---- Collected material

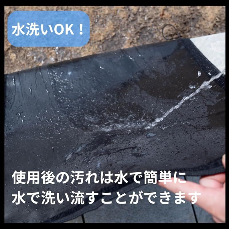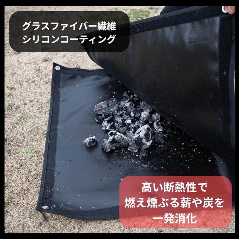 【高耐熱素材、防水性、お手入れ】 材質はグラスファイバー繊維シリコンコーティングを施してあります。高い断熱性を発揮し、熱い燃え燻ぶる薪や炭を入れることができます。また防水性があるため、使用後は水洗いで簡単お手入れできます。
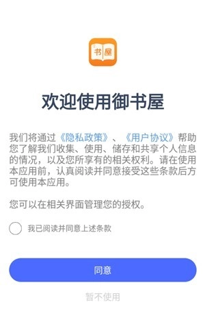 首先在本站安装“御书屋(自由的小说阅读器)”,首次进入软件界面时,需阅读对应的隐私协议,若确认无误,点击同意即可开始使用。
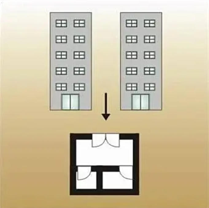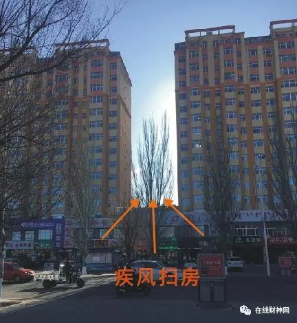 第二种类型如图二所示,房子被对面不远处有两栋比较高大的建筑,相距比较近,在缝隙处形成疾风吹袭的格局,尤其门、窗户、阳台朝向风口处危害更甚,此类格局也被称作天斩煞(天堑煞)。
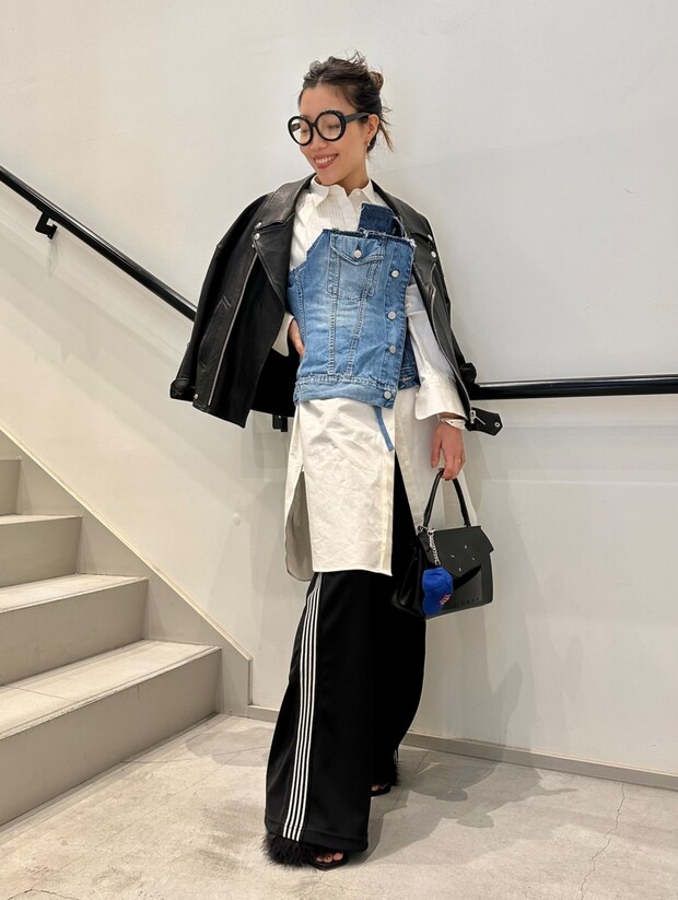 「少し細めのラインなので、いわゆるジャージ感が出過ぎず、股下はゆったりめでワイドになり過ぎない。美脚見えも叶えてくれる優秀なパンツです。きちんと感のあるレザーバッグにさり気なくキャップモチーフのチャームをつけて遊び心を」

--------

The copy must match every line of the data exactly and contain no pictures.

> Solved exercise
 【高耐熱素材、防水性、お手入れ】 材質はグラスファイバー繊維シリコンコーティングを施してあります。高い断熱性を発揮し、熱い燃え燻ぶる薪や炭を入れることができます。また防水性があるため、使用後は水洗いで簡単お手入れできます。
 首先在本站安装“御书屋(自由的小说阅读器)”,首次进入软件界面时,需阅读对应的隐私协议,若确认无误,点击同意即可开始使用。
 第二种类型如图二所示,房子被对面不远处有两栋比较高大的建筑,相距比较近,在缝隙处形成疾风吹袭的格局,尤其门、窗户、阳台朝向风口处危害更甚,此类格局也被称作天斩煞(天堑煞)。
 「少し細めのラインなので、いわゆるジャージ感が出過ぎず、股下はゆったりめでワイドになり過ぎない。美脚見えも叶えてくれる優秀なパンツです。きちんと感のあるレザーバッグにさり気なくキャップモチーフのチャームをつけて遊び心を」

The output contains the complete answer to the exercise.